# The Rise and Fall of Different Music Genres
#### By: Will Slotterback, Erik Ryde, and Todd Roberts
In deciding what to work on for this project we first thought about interesting datasets we could use. One dataset which came to mind was the Billboard Hot 100. Billboard has been tracking the top 100 most popular songs in the U.S. every week since the late 50's so they've amassed a massive dataset of musical tastes in the U.S. This data already provides a really interesting picture of changing preferences in the U.S. but on its own its hard to tease out broad musical trends. To do this we need a way to categorize the different songs. The obvious choice is to do it by genre, but Billboard doesn't have data on the genre of song, just its popularity.
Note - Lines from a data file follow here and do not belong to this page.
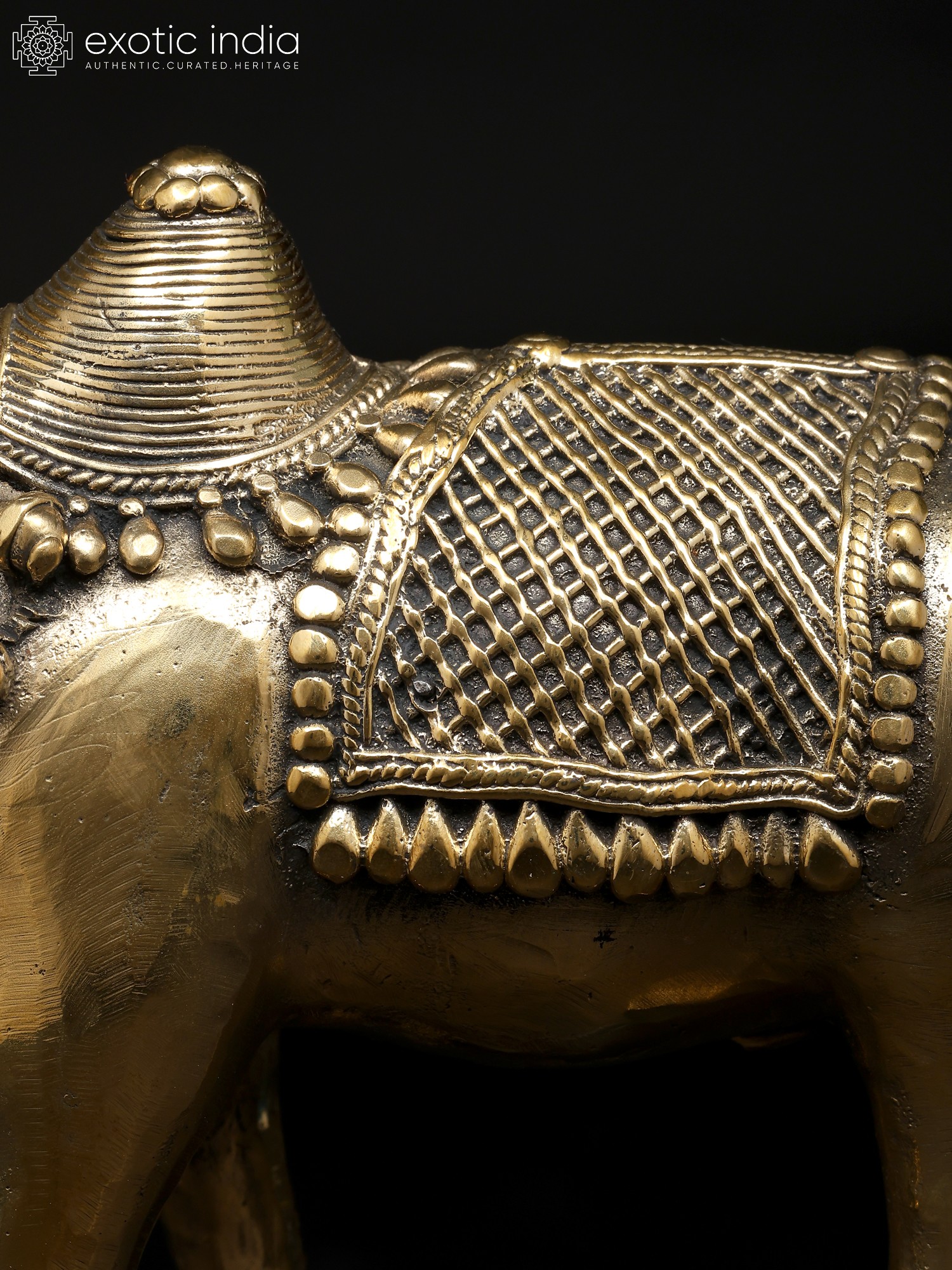 9" Dhokra Art Elephant Design Tribal Lamp in Brass
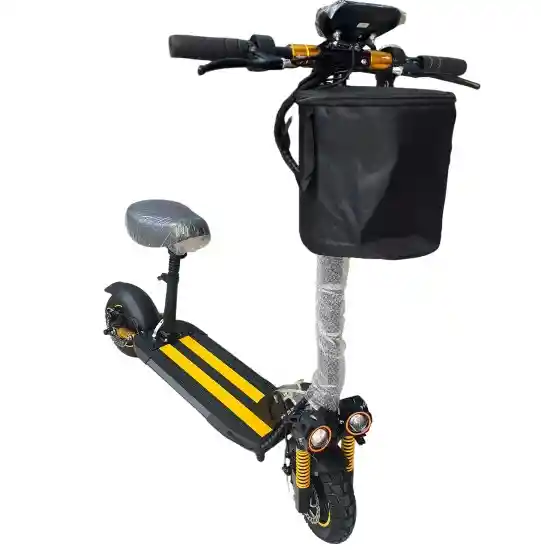 Scooter Eléctrico ES-10C-1 – Velocidad, Seguridad y Comodidad en Cada Viaje Rendimiento superior para movilidad urbana Motor de 500W con torque de 9.5Nm, permitiendo una aceleración potente. Velocidad máxima de 40 km/h, para recorrer la ciudad de manera rápida y eficiente. Capaz de subir pendientes de hasta 20 grados, facilitando el desplazamiento en terrenos inclinados. Batería de alto rendimiento y carga rápida Batería de litio 48V 13Ah, asegurando mayor autonomía y vida útil. Tiempo de carga de 5 a 8 horas, ideal para una recarga nocturna completa. Autonomía entre 15 y 35 km, adaptándose al modo de manejo y peso del usuario. Diseño pensado para la seguridad y estabilidad Llantas de 10 pulgadas de caucho + neumático, brindan una conducción estable y cómoda. Sistema de doble freno de disco por guaya, proporcionando mayor control y seguridad en frenadas. Estructura resistente que soporta hasta 150 kg, ideal para distintos tipos de usuarios. Incluye sillón y canasta, para mayor comodidad y facilidad de transporte de objetos. NOTA: Garantía de 30 días por desperfecto de fábrica, no daños humanos.
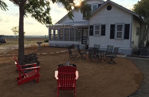 Fully-restored 100 year-old Texas farmhouse just east of Georgetown set atop a gentle hill in the rolling farmland of central Texas. Kick back and enjoy the 360-degree sweeping views of sunrises and sunsets from the porch or patio. The perfect choice for a relaxing retreat; close enough to the city but squarely in the middle of "get away from it all!".
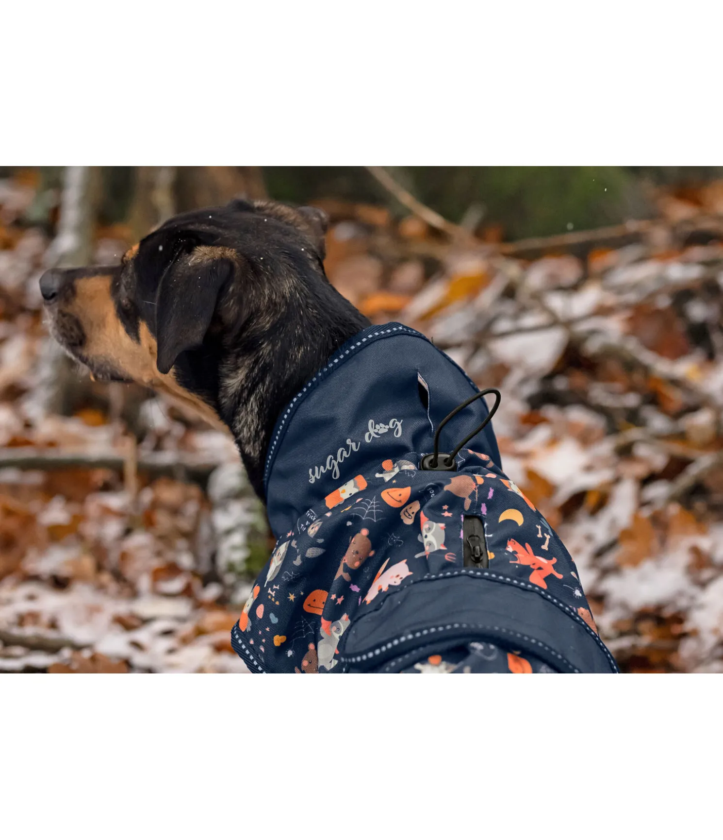 Manteau imperméable (3.000 mm), respirant (3.000 g/m2/24h) et coloré avec motifs automnaux et liseré réfléchissant. Idéal pour les journées d’automne humides et froides. Dessus en polyester Oxford 600 deniers robuste et résistant à la déchirure. Réglable au cou par cordon de serrage et au poitrail par patte auto-agrippante à fermer dans le dos pour le meilleur ajustement. Passage de laisse zippé étanche dans le dos et passage de collier au col. Des courroies de cuisses dissimulées permettent d’éviter que le manteau ne glisse lorsque le chien s’amuse, sans pour autant le gêner. Découpe au niveau des épaules pour une plus grande liberté de mouvement. 100 % polyester.

To get this data we instead need to turn to the Spotify API where we can correlate the genre of an artist with songs that artist has produced. Though this isn't a perfect method -- artists do often cross genres and produce new types of songs -- it is accurate enough to produce valuable results. Using this data we can then plot the rise and fall of different musical genres in American history and understand questions like: What is the most popular genre of all time? Spoiler: It's not Ska.

### Libraries Used
* [Pandas](https://pandas.pydata.org/)
* [StatsModels](https://www.statsmodels.org/stable/index.html)
* [Bokeh](https://bokeh.pydata.org/en/latest/)

## Gathering our Data
### Songs and Artists
The first step in collecting our data is scraping the Billboard Hot 100 to gather the list of most popular songs. Billboard used to provide an API for this, but has since deprecated it, so we chose instead to use the [billboard-top-100](https://github.com/darthbatman/billboard-top-100) library. Billboard chart urls follow the predictable pattern of `billboard.com/charts/*chart_name*/*date*` so this library takes a chart name, and a date, and scrapes the HTML for that chart in order to produce a list of the songs in that chart. We wrote a utility function around this  that allowed us to fetch all of the charts starting from a specific date and write them to a file. This function (and a few other utility functions) can be seen in our [source](https://github.com/slotterbackW/music-genres/blob/master/billboard-api/billboard.js).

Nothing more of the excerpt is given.